Figure 3 shows the mean predicted FC in contrast to the mean empirical FC rendered as a matrix using the three models, respectively. Figure 4 shows the mean predicted FC in contrast to the mean empirical FC rendered as a network [27] using the three models. It can be clearly observed that the FC predicted by the proposed HpGD model was much closer to the empirical FC than the other two models.

4.3. Stability and Robustness Analysis

To demonstrate that the predicted FC was not acquired by happenstance, for each dataset, we scrambled the mean SC 100 times randomly, then we estimated the FC for each permuted SC matrix with the three models. Figure 5 plots the histogram of the Pearson correlations between the averaged predicted FC and the averaged empirical FC. The histogram of the Pearson correlations without scrambling using the three models is also shown for the two datasets, respectively. The Pearson correlations were calculated between the mean empirical FC and the mean predicted FC (blue) as well as the mean predicted FC without permuting (orange).

5. Conclusions

In this paper, we presented HpGD as an extended graph diffusion model to map FC from SC relying on hypergraph p-Laplacian. HpGD allowed the network to capture the nonlinear and high-order relations between the brain regions. Furthermore, the two matrices that indicate whether the correlations are positive or negative were embedded to entail the model simulating negative functional correlations. To validate the effectiveness of the HpGD model, we performed tests on two experiment connectome datasets with different resolutions. The experimental results from both the 90 ROI dataset and the 246 ROI dataset showed that a hypergraph p-Laplacian-based HpGD model could predict functional correlations more accurately than both the graph Laplacian-based GD model and the hypergraph Laplacian-based HGD model.

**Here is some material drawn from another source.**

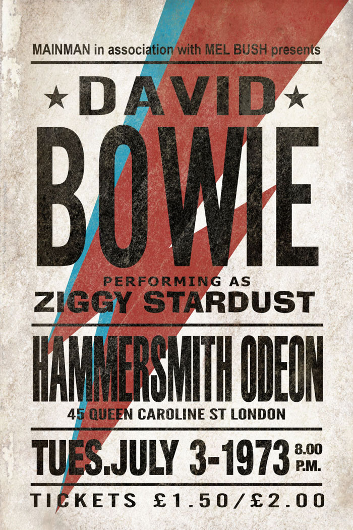 - Use the lettering to be block lettering, and use only one color (such as black) and make it closer to the lettering in the "david bowie poster" image attached

However, there are still some limitations. Firstly, the computation of p-Laplacian is time consuming and the three parameters k, p and $\beta$ need to be optimized beforehand. Secondly, there is still a scarcity of biologically plausible interpretations to the mechanism behind the negative correlations. We will continue to address these issues in our future work.